**Task requirements**
Reproduce from the records below, with no pictures, exactly the lines between the one containing "This exquisite gated" and the one containing "(私道13m²別に有) | ||", inclusive.

**Available data**
[Start of section]
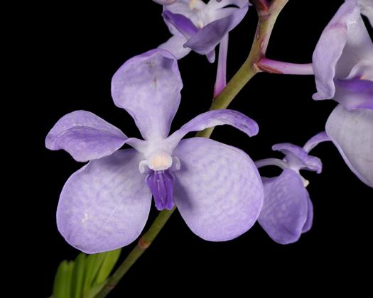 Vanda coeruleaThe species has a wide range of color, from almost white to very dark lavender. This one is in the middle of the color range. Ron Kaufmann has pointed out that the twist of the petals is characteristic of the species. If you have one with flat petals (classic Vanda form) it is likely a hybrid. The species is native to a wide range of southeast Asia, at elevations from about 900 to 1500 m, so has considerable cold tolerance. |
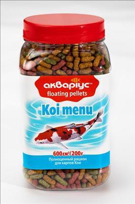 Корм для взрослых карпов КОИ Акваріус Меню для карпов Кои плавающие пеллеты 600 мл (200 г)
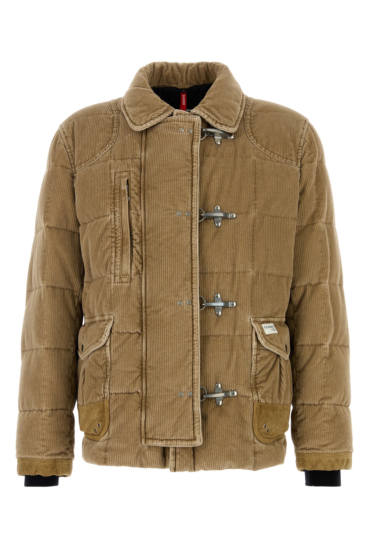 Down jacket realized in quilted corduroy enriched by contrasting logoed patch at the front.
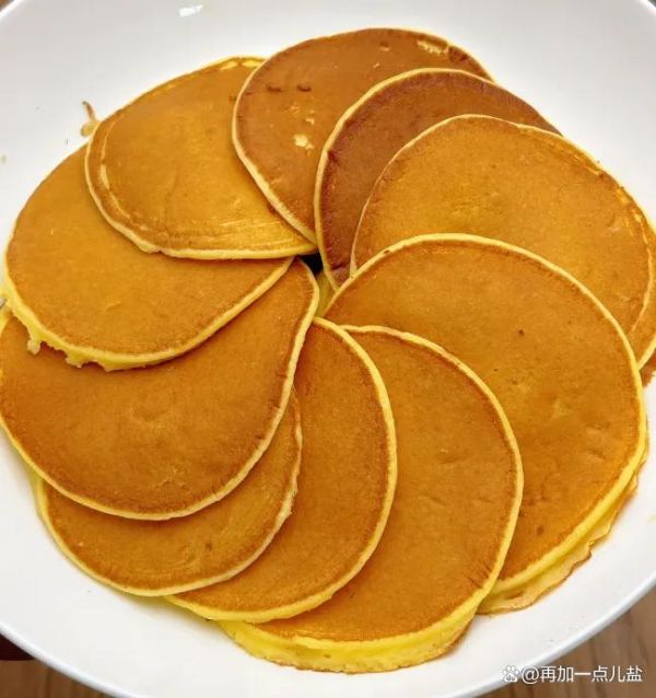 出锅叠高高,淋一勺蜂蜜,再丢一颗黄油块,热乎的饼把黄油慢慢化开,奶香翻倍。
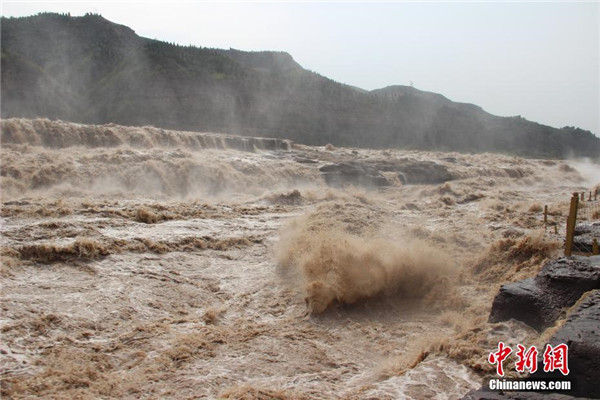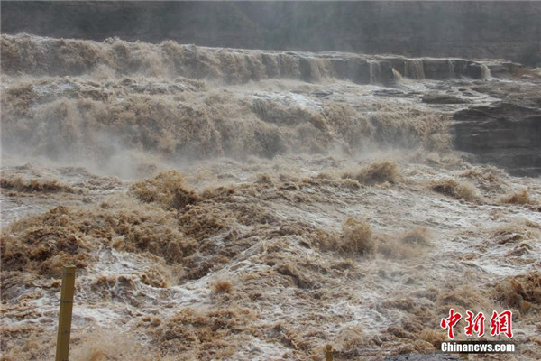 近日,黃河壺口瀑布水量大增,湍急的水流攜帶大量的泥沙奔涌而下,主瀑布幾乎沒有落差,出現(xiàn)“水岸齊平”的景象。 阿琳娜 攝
[End of section]
[Start of section]
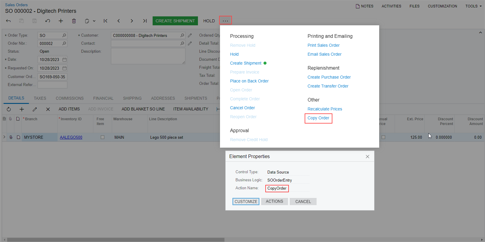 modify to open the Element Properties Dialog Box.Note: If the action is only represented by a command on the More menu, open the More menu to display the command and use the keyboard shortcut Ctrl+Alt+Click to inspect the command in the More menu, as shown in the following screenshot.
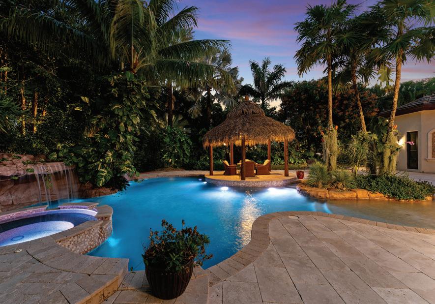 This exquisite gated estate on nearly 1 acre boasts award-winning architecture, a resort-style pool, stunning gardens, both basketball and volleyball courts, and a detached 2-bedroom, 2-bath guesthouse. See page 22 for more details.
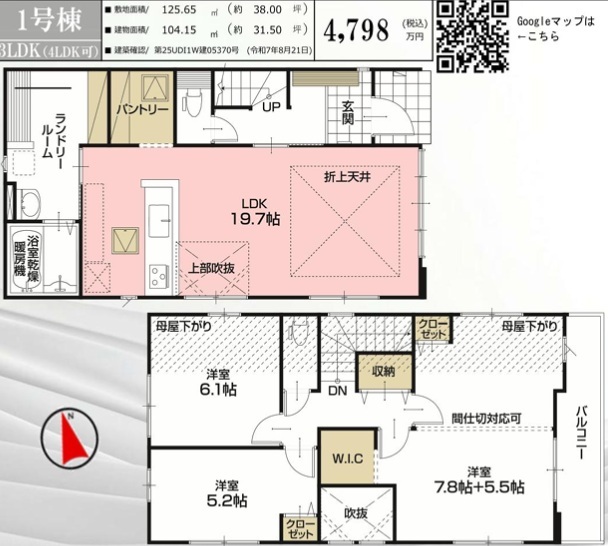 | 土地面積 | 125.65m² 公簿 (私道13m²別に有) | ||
[End of section]
[Start of section]
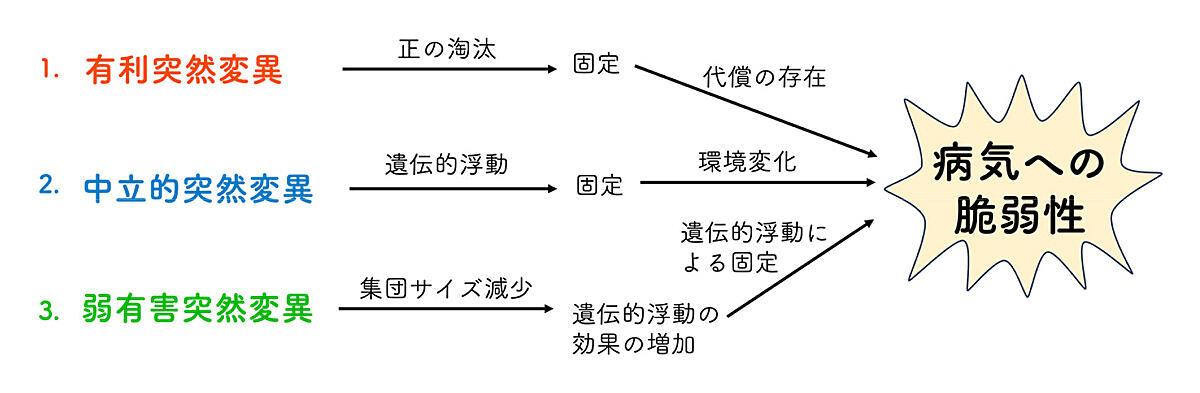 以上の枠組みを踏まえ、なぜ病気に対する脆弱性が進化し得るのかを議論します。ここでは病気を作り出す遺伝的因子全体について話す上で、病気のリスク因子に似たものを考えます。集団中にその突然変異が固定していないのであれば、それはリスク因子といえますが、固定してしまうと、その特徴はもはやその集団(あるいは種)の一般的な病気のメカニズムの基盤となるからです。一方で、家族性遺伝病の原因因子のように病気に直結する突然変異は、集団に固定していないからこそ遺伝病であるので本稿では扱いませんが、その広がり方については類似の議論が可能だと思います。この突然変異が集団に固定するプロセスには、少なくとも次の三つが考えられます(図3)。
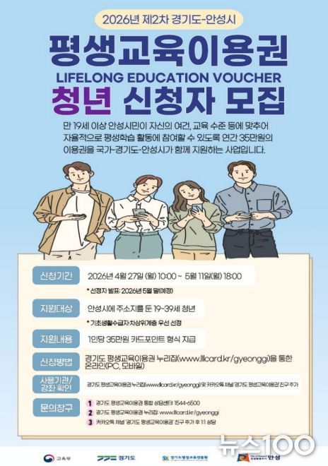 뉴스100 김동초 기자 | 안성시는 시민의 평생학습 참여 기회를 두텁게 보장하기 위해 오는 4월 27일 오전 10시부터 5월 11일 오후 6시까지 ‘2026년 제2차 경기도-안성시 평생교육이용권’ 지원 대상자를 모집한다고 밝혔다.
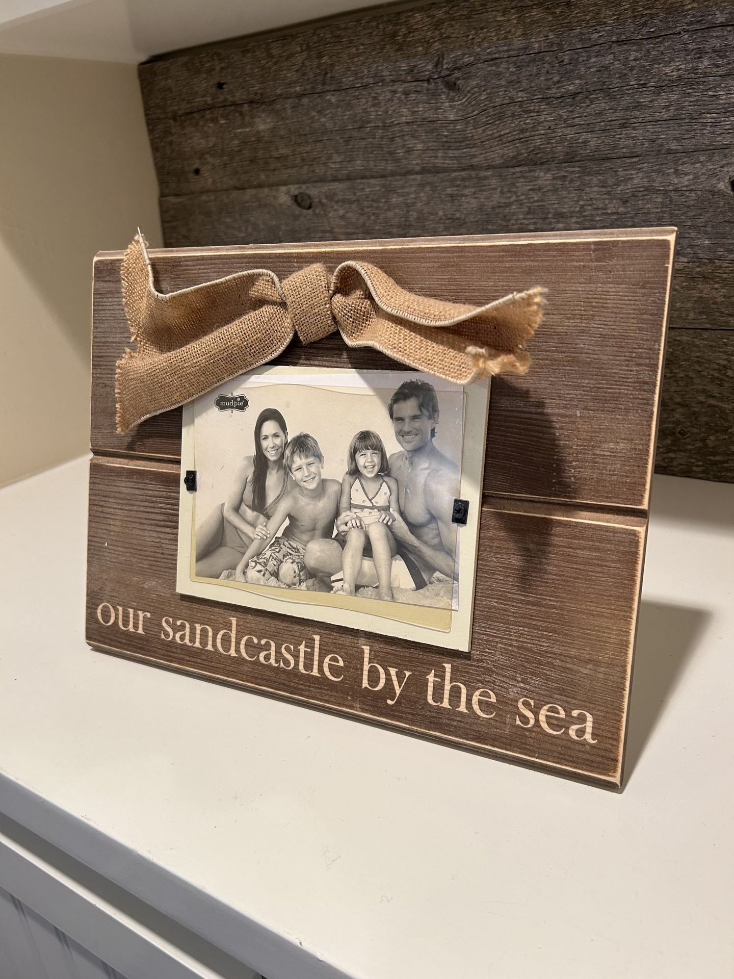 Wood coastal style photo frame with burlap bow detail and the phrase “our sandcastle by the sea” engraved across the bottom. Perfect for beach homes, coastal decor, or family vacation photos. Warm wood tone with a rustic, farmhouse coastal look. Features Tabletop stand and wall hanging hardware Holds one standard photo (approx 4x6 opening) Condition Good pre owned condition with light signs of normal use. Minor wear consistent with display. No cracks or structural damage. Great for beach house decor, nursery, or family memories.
[End of section]
**Solved problem**
 This exquisite gated estate on nearly 1 acre boasts award-winning architecture, a resort-style pool, stunning gardens, both basketball and volleyball courts, and a detached 2-bedroom, 2-bath guesthouse. See page 22 for more details.
 | 土地面積 | 125.65m² 公簿 (私道13m²別に有) | ||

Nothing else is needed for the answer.